If it seems to you as though rents are rising faster than wages, you’re not imagining it. Recently released data shows that private rents across England have risen by 16% in the last 7 years while worker pay has increased by only 10%. Wages are most certainly not keeping up with the rental market.
The Shelter charity notes that the most serious disparities between rental rates and worker income exists in the greater London area. But the charity also says that the problem is spreading into Middle England as well.
For people who have no other choice but to rent, this is a troubling trend. Workers unable to find affordable properties in major metropolitan areas have always had smaller towns and the countryside to fall back on. But even that strategy is no longer reliable.
The Worst Areas in the UK
What we know about the housing market would seem to dictate that the disparity between rental rates and income is not equal across the board. In other words, there are some regions of the country where the problem is more severe.
In reporting on the recently-released data from Shelter, the Mirror demonstrated as much by ranking the top 20 areas in England with the most profound rental rate problems. At the top of the list is Barking and Dagenham. Average rents there have risen some 42% as compared to a 2% increase in household wages. That makes for a difference of 40 percentage points.
Rounding out the top five are Elmbridge, South Oxfordshire, Dartford, and Kingston upon Thames. In three of those regions, household wages have actually fallen since 2011. Yet rents have continued to rise.
No Better in London
What happens in London tends to spread across most of the rest of England, so we would expect comparable numbers for the rental market in the capital. According to the Independent, the rental rate for a typical two-bedroom flat in London has outpaced earnings buy nearly three times since 2011.
That 2-bedroom flat had climbed to £1,500 per month by the end of last year while earnings increased by just 9%. Things outside the city proper haven’t been much better. Rental rates for 2-bedroom flats are up more than 30% in 16 of London’s 33 boroughs.
Worst in the greater London area is Greenwich, where rental rates have jumped some 50% as opposed to wage increases of just over 7%. The numbers clearly show an untenable situation among workers who simply don’t earn enough to both pay the rent and put money away for a downpayment on a house.
It is clear we have a problem in England where rental properties are concerned. The Guardian notes that the number of household now renting privately has increased by 74% since 2007. Private sector rentals now account for 20% of all English households.
As for renters, they are spending roughly 41% of their income on rent alone. Their home owning counterparts spend a mere 19% of their income on mortgage payments. The disparity shows a stark reality: although it may be cheaper to own a home and pay a mortgage, it is too expensive to actually get to a place of home ownership.

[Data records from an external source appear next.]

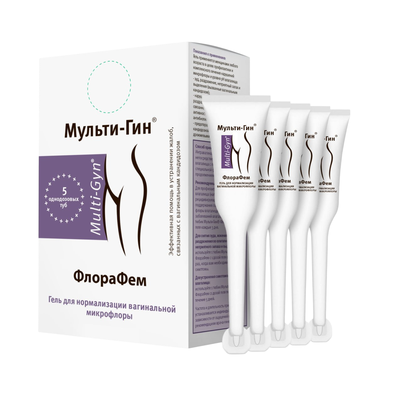 Прямые поставки от официального дистрибьютора с русской инструкцией. ФлораФем Мульти-Гин (FloraFem Multi-Gyn, Нидерланды) представляет собой интимный гель для женской гигиены (5 шт по 5 мл) с характерным запахом алоэ.
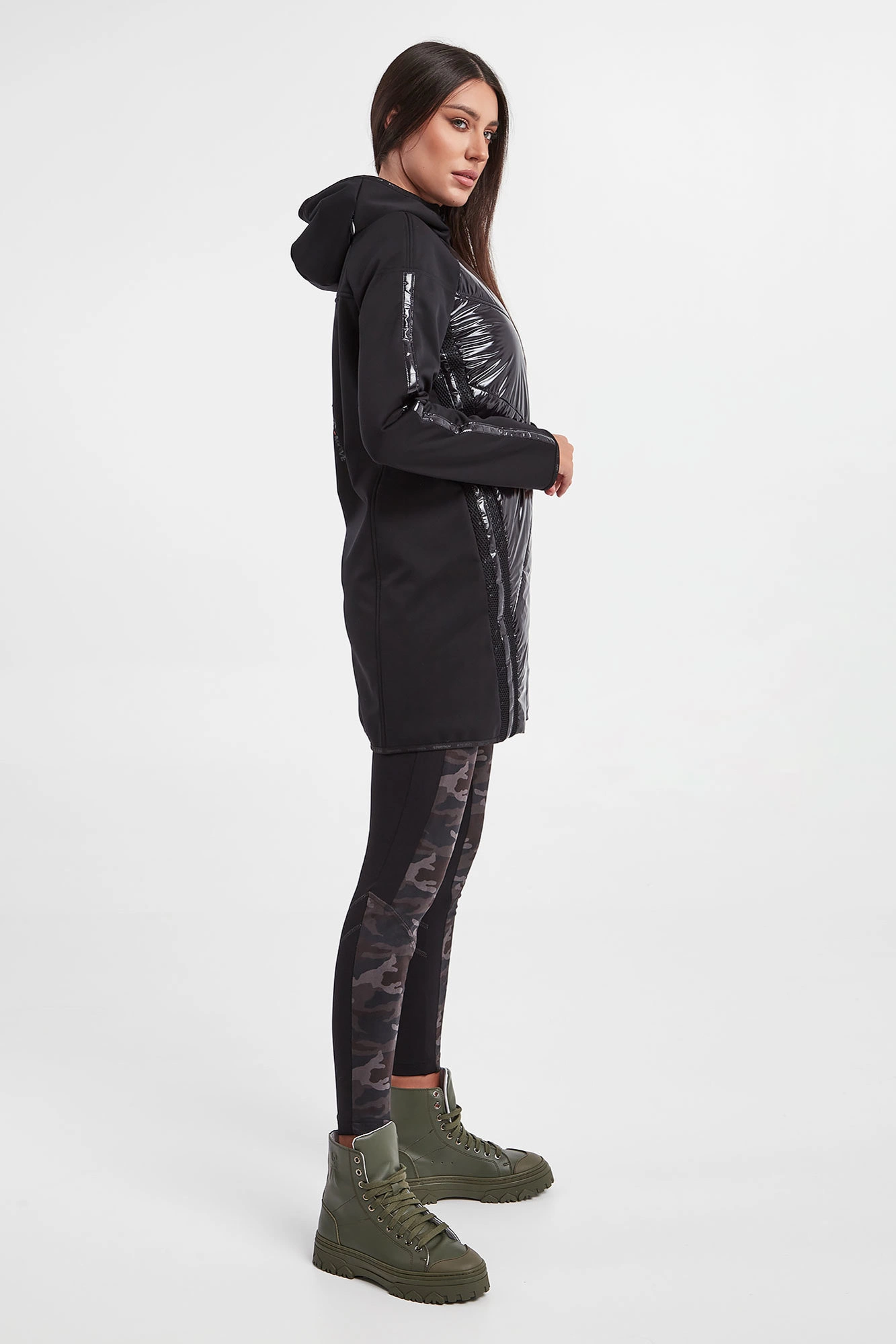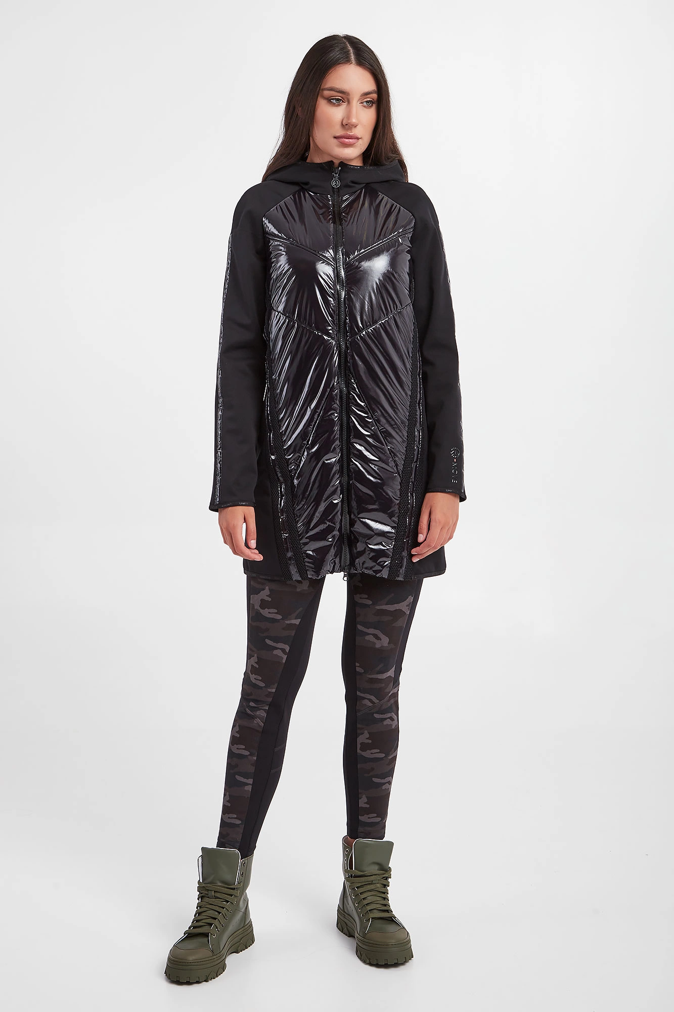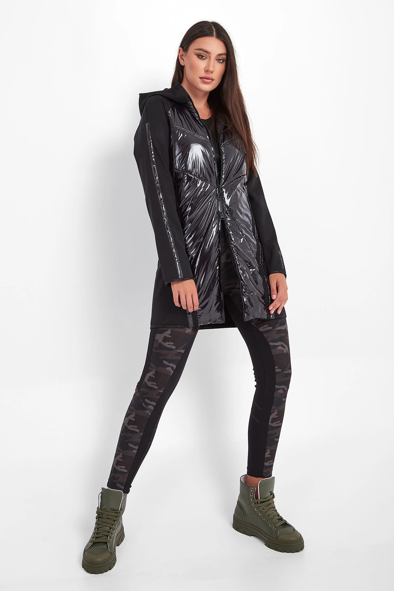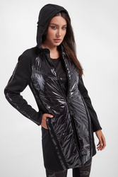 Płaszcz marki Sportalm w czarnym kolorze. Z kapturem. Na froncie pikowanie z połyskującego materiału oraz wstawki z siatki. Zapinany za pomocą dwustronnego zamka z logowaną zawieszką. Dwie boczne, zamykane kieszenie. Na długich rękawach lakierowane lampasy. Z tyłu nadruk z logo. Fason regular.
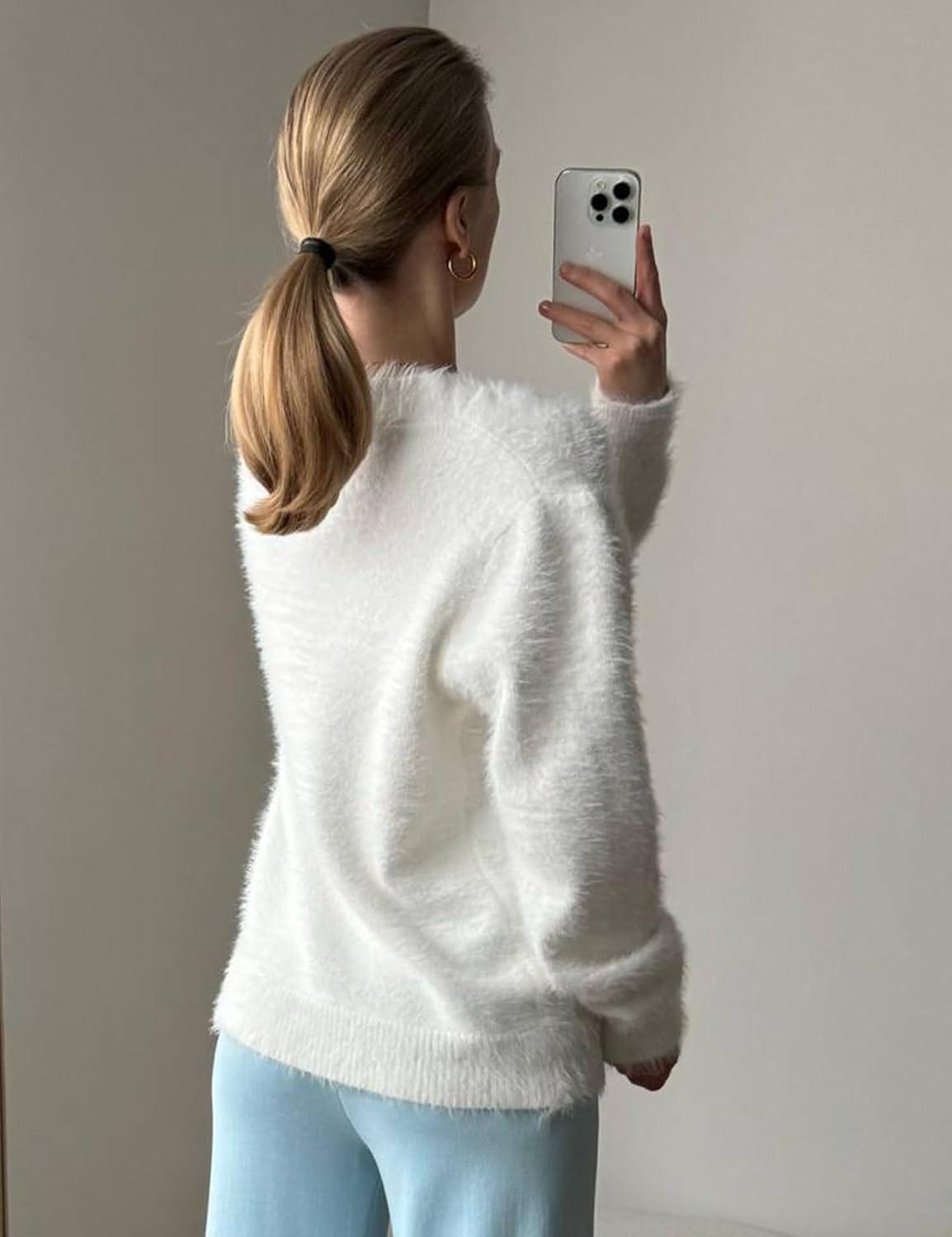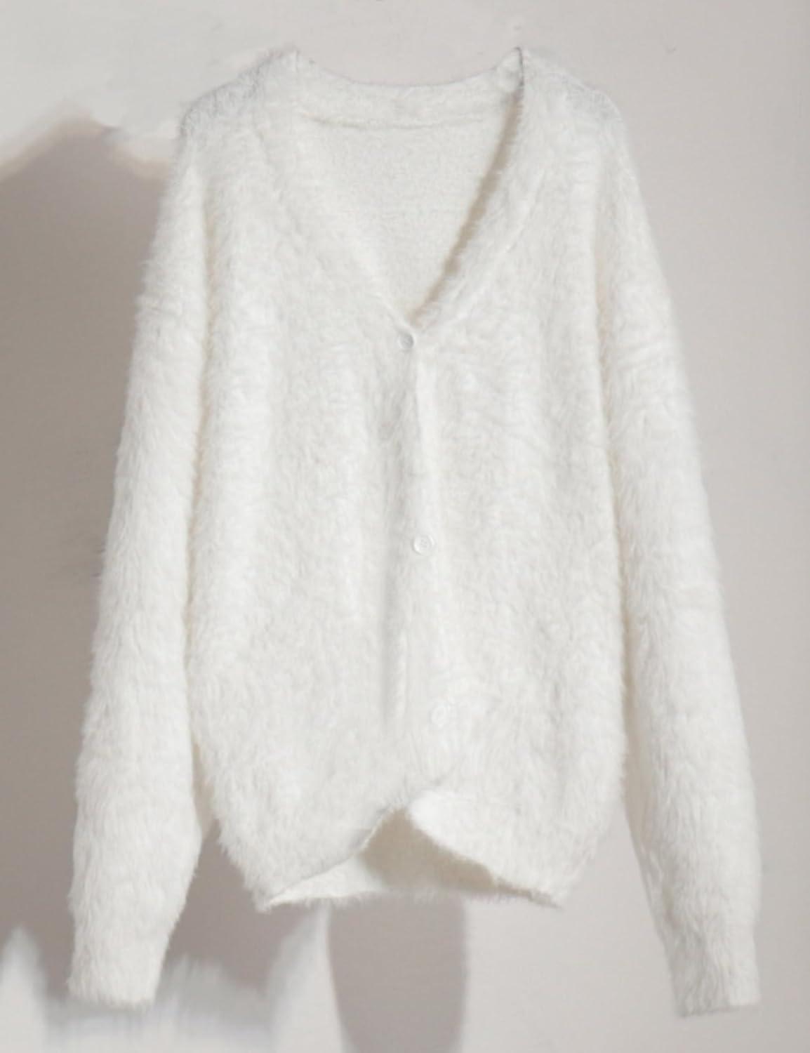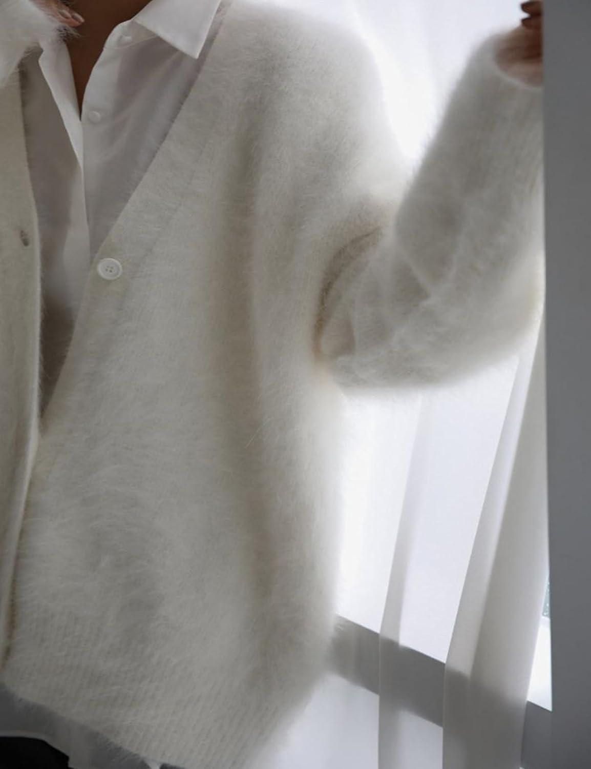 Arssm Womens Fuzzy Cardigan Sweater Long Sleeve Cardigans Button Down V Neck Fluffy Knit Top Fashion 2025 Knitwear(White)

So, what is the solution? Several have been suggested by politicians, business leaders, and housing advocates:
1. Build More Social Housing
Housing crisis discussions are almost always accompanied by calls to build more social housing. This is nothing new. We have been discussing the merits of social housing and the need to build more of it for decades now. Some say that the time for discussion has long since passed. They say that the only real solution to the housing crisis is for the government to step in and build more affordable housing.
2. Three-Year Tenancies
The Guardian reports that some 80% of current tenancies in England and Wales are set at either 6 or 12 months. The government has proposed new rules that would give tenants 3-year deals that would still allow them to leave early. As the thinking goes, 3-year tenancies would prevent landlords from evicting on short notice and slow the rise of rental rates at the same time.
3. Higher Wages
Another proposal seeks to encourage employers to increase wages in order to give workers more to spend on rent. How such a plan would actually work is anyone’s guess. It may not be feasible to force employers to tie wages to rental rates and, even if it were, arbitrary regulation of worker wages tends to have a negative impact on the national economy.
The Consequences of Inaction
None of the proposals intended to fix the rental rate problem is perfect. Quite frankly, the only solution likely to work will be a combination of all the current proposals and some yet to be revealed. The fact is that the current housing crisis is far more complex then simply the disparity between rental rates and wages.
What we must not do is ignore the problem in hopes that it will go away. The consequences of inaction could be too steep to overcome if we allow them to occur. Among those consequences is the inevitable rise of homelessness.
When people cannot afford to rent, they also cannot afford to save money to buy a home. Their only remaining choices are social housing and homelessness. Continuing to ignore the problem will only put more stress on already inadequate social housing, thus leading to fewer available houses and a higher risk of homelessness.
Another consequence is the inevitable migration of workers away from unaffordable urban areas. Although the problem of high rental rates is spreading across England, it is still note severe in London and other urban centres.
Mass migration away from those urban centres will result in a depleted workforce. In turn, businesses that rely on lower-paid workers will have to relocate as well. The gradual decline of our cities will follow.
The numbers don’t lie. Rental rates in England are rising faster than wages. It is an untenable situation requiring a solution sooner rather than later. The only question is whether or not those who have the power to make the necessary changes actually have the will to do so.